• _Exercise_:
In the entries below, find the line with "These Braided Cotton" and the line with "Nesse simulado você"; copy them and every line between them exactly, but not the pictures.

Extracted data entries
Segment Open

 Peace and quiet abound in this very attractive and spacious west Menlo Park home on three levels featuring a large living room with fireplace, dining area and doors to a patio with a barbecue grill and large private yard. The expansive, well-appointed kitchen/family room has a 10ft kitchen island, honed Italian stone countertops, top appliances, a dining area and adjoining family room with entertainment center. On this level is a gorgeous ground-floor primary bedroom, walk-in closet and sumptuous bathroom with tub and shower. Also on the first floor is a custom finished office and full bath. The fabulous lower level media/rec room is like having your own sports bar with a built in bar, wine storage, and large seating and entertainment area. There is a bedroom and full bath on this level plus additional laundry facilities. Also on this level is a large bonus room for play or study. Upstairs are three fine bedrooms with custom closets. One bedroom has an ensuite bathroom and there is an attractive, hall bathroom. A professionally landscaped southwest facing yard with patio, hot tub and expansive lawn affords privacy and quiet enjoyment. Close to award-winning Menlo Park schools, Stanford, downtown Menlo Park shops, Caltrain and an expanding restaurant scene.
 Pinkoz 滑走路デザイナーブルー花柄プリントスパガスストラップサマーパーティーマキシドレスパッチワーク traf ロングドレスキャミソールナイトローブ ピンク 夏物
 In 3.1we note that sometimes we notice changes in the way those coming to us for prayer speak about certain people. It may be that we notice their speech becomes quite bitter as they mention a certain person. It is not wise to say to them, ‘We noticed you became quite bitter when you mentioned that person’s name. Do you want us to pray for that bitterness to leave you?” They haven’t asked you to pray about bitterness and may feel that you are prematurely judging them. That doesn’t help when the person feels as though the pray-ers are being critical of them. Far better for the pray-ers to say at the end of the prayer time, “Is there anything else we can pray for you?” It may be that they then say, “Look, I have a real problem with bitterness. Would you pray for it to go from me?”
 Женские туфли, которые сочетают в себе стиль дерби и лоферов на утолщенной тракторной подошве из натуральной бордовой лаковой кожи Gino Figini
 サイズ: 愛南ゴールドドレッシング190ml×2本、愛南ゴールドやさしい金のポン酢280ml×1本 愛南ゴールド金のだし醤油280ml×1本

Segment Closed
Segment Open

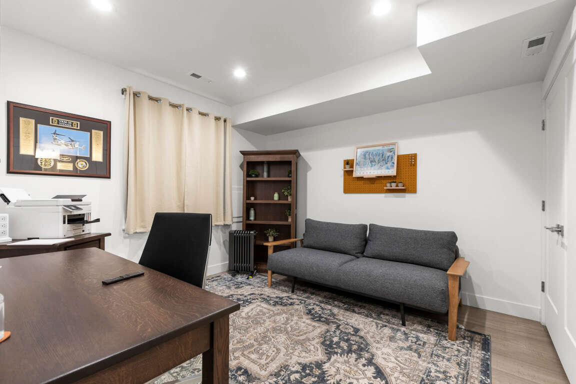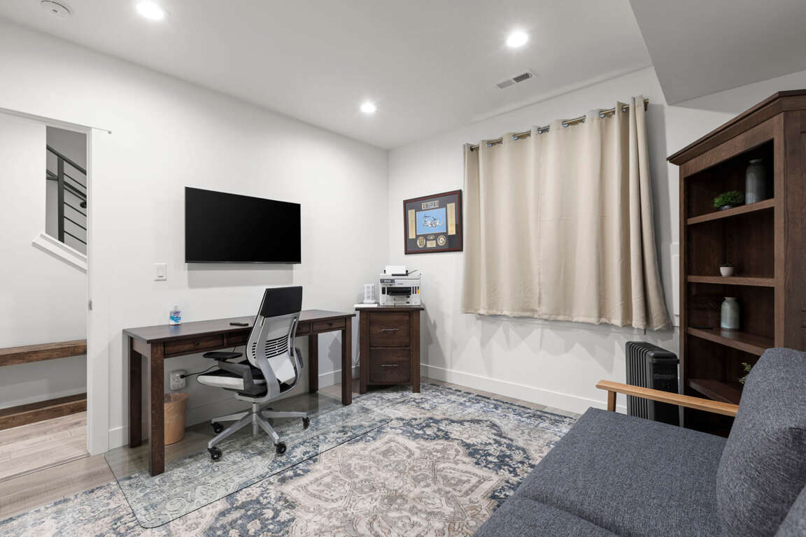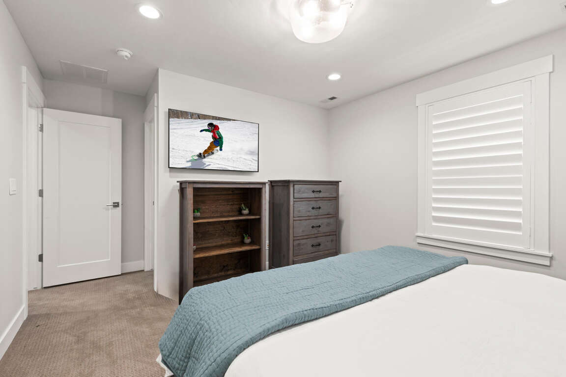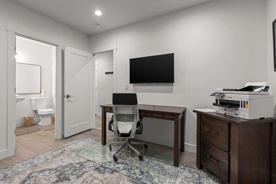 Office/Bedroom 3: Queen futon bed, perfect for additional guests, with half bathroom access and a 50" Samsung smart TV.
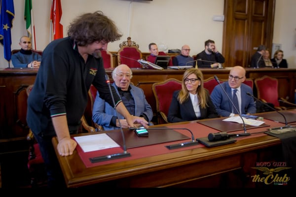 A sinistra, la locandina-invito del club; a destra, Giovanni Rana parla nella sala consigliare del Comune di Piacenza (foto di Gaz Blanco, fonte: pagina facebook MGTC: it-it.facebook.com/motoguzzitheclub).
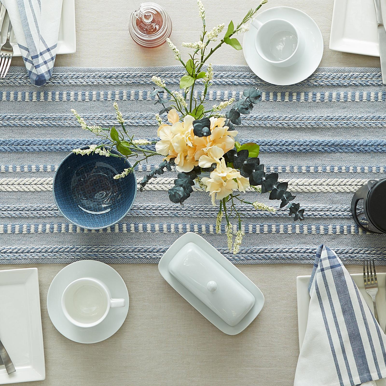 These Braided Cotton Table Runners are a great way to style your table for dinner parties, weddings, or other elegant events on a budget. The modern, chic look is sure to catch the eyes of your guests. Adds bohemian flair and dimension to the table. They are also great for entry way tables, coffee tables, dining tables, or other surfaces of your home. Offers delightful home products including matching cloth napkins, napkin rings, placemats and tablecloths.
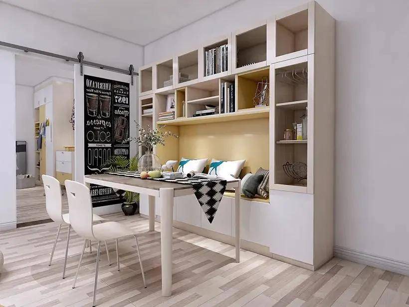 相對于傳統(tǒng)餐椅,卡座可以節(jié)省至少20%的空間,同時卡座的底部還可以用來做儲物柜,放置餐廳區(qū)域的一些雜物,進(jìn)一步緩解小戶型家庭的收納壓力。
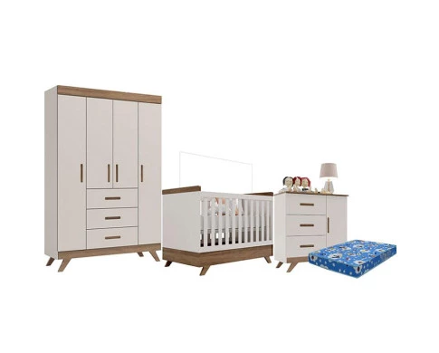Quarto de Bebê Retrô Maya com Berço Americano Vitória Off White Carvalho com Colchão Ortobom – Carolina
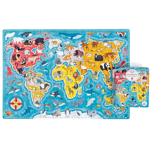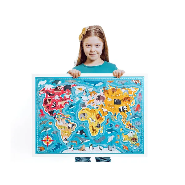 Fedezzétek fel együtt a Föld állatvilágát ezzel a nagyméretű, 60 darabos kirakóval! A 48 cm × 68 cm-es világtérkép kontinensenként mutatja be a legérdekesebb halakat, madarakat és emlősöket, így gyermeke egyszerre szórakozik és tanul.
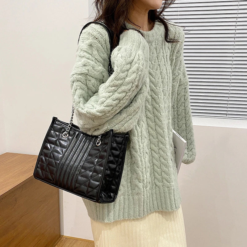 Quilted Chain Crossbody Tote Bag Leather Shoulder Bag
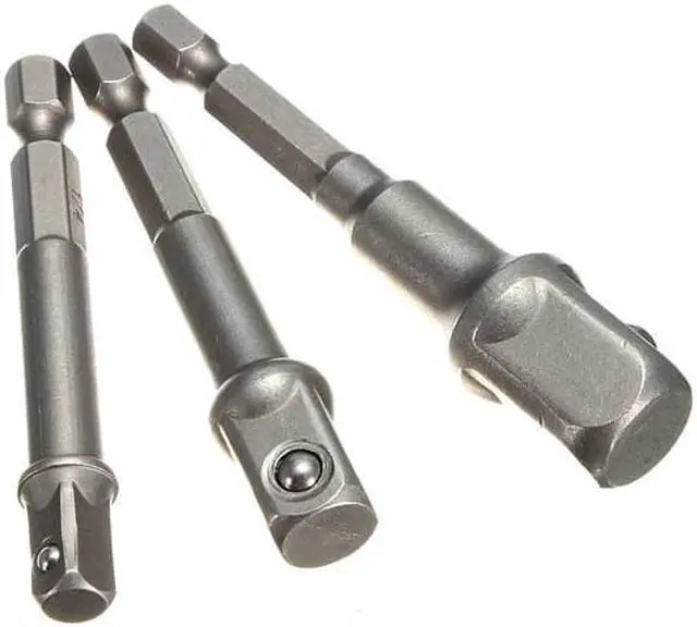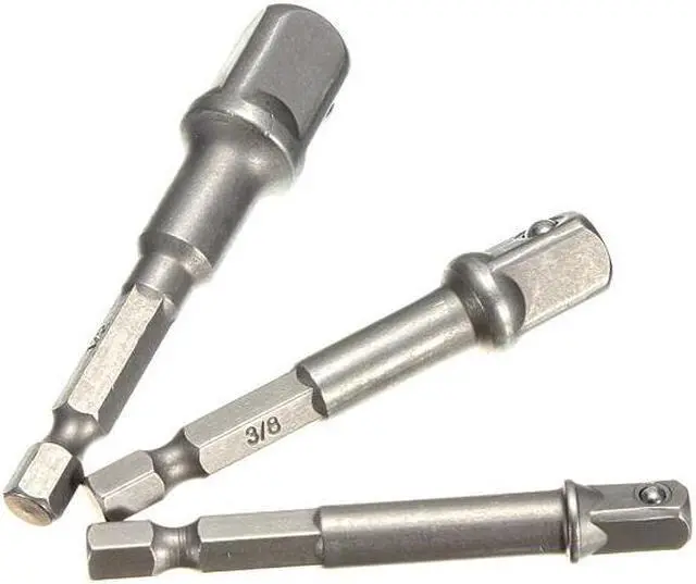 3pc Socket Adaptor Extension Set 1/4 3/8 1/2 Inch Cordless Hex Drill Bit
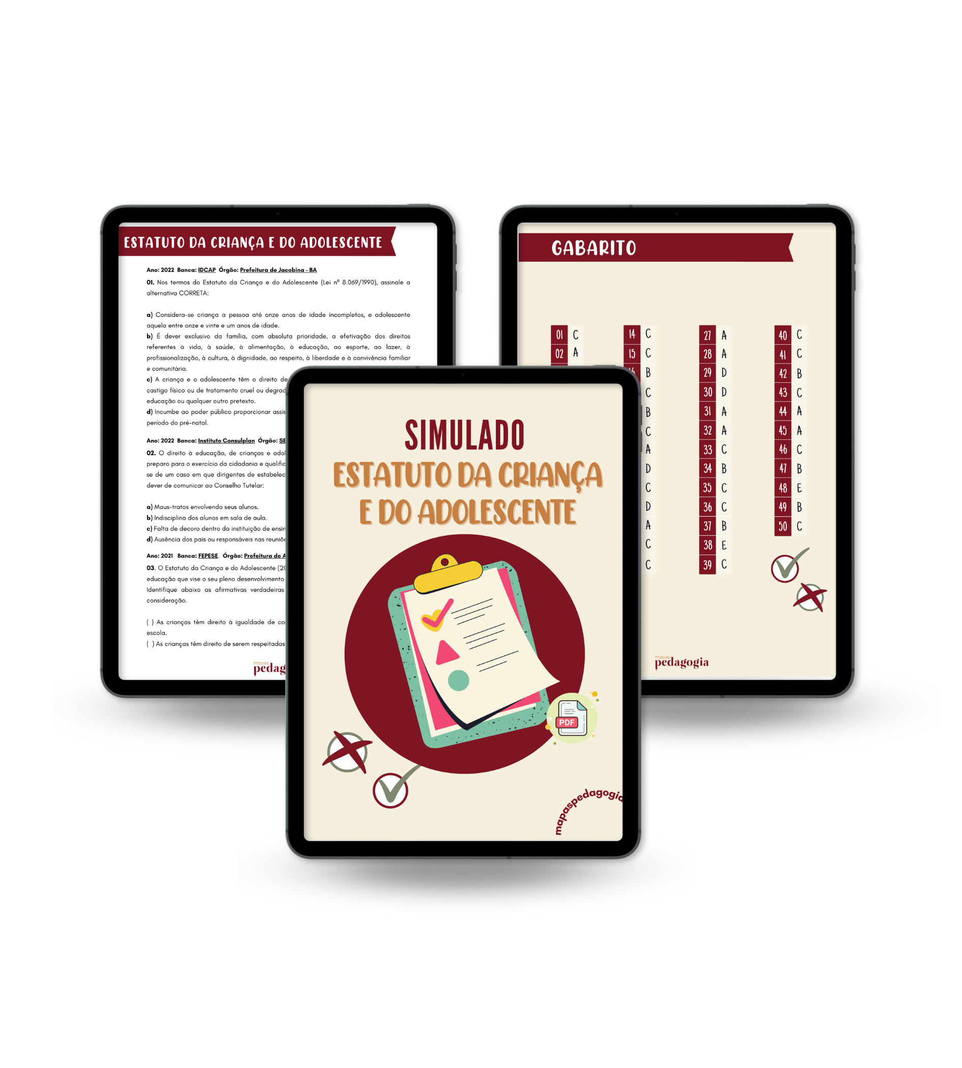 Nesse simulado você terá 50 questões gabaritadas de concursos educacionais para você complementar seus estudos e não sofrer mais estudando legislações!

Segment Closed

• _Response area_:
 These Braided Cotton Table Runners are a great way to style your table for dinner parties, weddings, or other elegant events on a budget. The modern, chic look is sure to catch the eyes of your guests. Adds bohemian flair and dimension to the table. They are also great for entry way tables, coffee tables, dining tables, or other surfaces of your home. Offers delightful home products including matching cloth napkins, napkin rings, placemats and tablecloths.
 相對于傳統(tǒng)餐椅,卡座可以節(jié)省至少20%的空間,同時卡座的底部還可以用來做儲物柜,放置餐廳區(qū)域的一些雜物,進(jìn)一步緩解小戶型家庭的收納壓力。
Quarto de Bebê Retrô Maya com Berço Americano Vitória Off White Carvalho com Colchão Ortobom – Carolina
 Fedezzétek fel együtt a Föld állatvilágát ezzel a nagyméretű, 60 darabos kirakóval! A 48 cm × 68 cm-es világtérkép kontinensenként mutatja be a legérdekesebb halakat, madarakat és emlősöket, így gyermeke egyszerre szórakozik és tanul.
 Quilted Chain Crossbody Tote Bag Leather Shoulder Bag
 3pc Socket Adaptor Extension Set 1/4 3/8 1/2 Inch Cordless Hex Drill Bit
 Nesse simulado você terá 50 questões gabaritadas de concursos educacionais para você complementar seus estudos e não sofrer mais estudando legislações!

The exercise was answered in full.